Antiplatelet therapy
Platelet activation and subsequent aggregation play a dominant role in the propagation of arterial thrombosis and consequently are the key therapeutic targets in the management of ACS. New adenosine diphosphate (ADP) receptor blockers prasugrel and ticagrelor have a more rapid onset of action and greater potency and have been proven superior to clopidogrel in large outcome trials.
In the TRITON-TIMI 38 trial, [9] prasugrel (60 mg loading dose followed by 10 mg) was compared to clopidogrel (300 mg loading dose and then 75 mg daily) in clopidogrel naive patients undergoing percutaneous coronary angioplasty (PCI). The composite primary endpoint (cardiovascular death, non-fatal MI, or stroke) occurred in 11.2% of clopidogrel-treated patients and in 9.3% of prasugrel treated patients (hazard ratio (HR) 0.82; 95% confidence interval (CI) 0.73-0.93; P = 0.002), mostly driven by a significant risk reduction for MI. In the whole cohort, the rate of definite or probable stent thrombosis (as defined by the academic research consortium (ARC)) was significantly reduced in the prasugrel group compared to the clopidogrel group (1.1% vs. 2.4%, respectively; HR 0.48; 95% CI 0.36-0.64; P = 0.001). Prasugrel is contraindicated in patients with prior stroke/transient ischaemic attack. Its use is generally not recommended in patients aged ≥75 years or in patients with lower body weight (<60 kg) as it was not associated with net clinical benefit in these subsets.

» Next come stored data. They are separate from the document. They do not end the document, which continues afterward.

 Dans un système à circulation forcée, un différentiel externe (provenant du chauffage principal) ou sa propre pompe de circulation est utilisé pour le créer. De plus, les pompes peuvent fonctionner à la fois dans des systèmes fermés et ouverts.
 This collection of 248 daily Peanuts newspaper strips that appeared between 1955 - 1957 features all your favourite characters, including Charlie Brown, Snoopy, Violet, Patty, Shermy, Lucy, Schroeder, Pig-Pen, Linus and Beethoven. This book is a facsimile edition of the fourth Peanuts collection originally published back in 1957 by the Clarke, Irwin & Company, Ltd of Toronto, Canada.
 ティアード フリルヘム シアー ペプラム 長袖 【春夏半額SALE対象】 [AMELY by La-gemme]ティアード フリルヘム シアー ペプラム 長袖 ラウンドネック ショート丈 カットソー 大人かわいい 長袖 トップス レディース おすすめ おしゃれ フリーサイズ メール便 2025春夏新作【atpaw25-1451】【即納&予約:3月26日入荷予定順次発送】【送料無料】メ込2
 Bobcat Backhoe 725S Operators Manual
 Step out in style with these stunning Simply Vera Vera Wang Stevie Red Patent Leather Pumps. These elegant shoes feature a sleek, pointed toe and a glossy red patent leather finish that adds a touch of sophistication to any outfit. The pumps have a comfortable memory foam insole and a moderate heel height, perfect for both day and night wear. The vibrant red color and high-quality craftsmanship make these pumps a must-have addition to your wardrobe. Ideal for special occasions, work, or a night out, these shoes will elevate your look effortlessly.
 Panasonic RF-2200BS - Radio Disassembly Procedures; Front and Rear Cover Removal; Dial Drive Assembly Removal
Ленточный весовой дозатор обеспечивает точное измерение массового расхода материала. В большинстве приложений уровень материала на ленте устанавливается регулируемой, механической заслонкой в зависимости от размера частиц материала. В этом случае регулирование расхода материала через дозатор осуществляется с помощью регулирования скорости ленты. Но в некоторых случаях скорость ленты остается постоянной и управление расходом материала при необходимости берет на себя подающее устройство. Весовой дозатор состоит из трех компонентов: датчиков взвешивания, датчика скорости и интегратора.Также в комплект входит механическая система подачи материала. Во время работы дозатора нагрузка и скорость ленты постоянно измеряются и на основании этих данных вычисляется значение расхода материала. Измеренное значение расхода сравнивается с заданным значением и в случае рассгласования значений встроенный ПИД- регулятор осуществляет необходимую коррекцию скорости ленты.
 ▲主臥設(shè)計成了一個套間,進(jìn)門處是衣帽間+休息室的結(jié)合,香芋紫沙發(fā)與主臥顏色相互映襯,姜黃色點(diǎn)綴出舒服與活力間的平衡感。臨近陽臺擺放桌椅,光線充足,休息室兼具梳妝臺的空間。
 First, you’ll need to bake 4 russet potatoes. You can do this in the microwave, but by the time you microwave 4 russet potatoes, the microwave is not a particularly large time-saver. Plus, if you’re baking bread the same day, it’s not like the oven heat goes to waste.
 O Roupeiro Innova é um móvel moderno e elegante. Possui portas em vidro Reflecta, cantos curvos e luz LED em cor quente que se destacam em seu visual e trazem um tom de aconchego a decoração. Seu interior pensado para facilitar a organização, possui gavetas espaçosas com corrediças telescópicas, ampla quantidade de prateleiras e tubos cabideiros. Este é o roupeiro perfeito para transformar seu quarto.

In the PLATelet inhibition and patient Outcomes (PLATO) trial, [10] ticagrelor reduced the composite primary endpoint (cardiovascular death, non-fatal MI, or stroke) and also reduced cardiovascular mortality in clopidogrel naive or pretreated patients with either ST segment elevation myocardial infarction
(STEMI) -(planned for primary PCI) or moderate-to-high risk NSTEMI (planned for either conservative or invasive management). Although there was no significant difference in overall PLATO defined major bleeding rates between the clopidogrel and ticagrelor groups, PLATO-defined and TIMI-defined major bleeding that was unrelated to coronary artery bypass grafting (CABG) surgery was increased with Ticagrelor. The new ESC 2012 guidelines for STEMI recommend prasugrel and ticagrelor as first line ADP receptor blockers. [11] Clopidogrel should be used preferably when prasugrel or ticagrelor are either not available or contraindicated.
Antithrombotics for PCI
Intravenous unfractionated heparin (UFH) titrated to an appropriate activated clotting remains the mainstay and time tested strategy for anticoagulant therapy at the time of PCI. Enoxaparin and fondaparinux have been studied less extensively in this setting. The ATOLL (acute STEMI treated with Primary PCI and IV enoxaparin or UFH to lower ischemic and bleeding events at short- and long-term follow-up) trial comparing intravenous enoxaparin with UFH for primary PCI failed to meet its primary, composite endpoint. [12]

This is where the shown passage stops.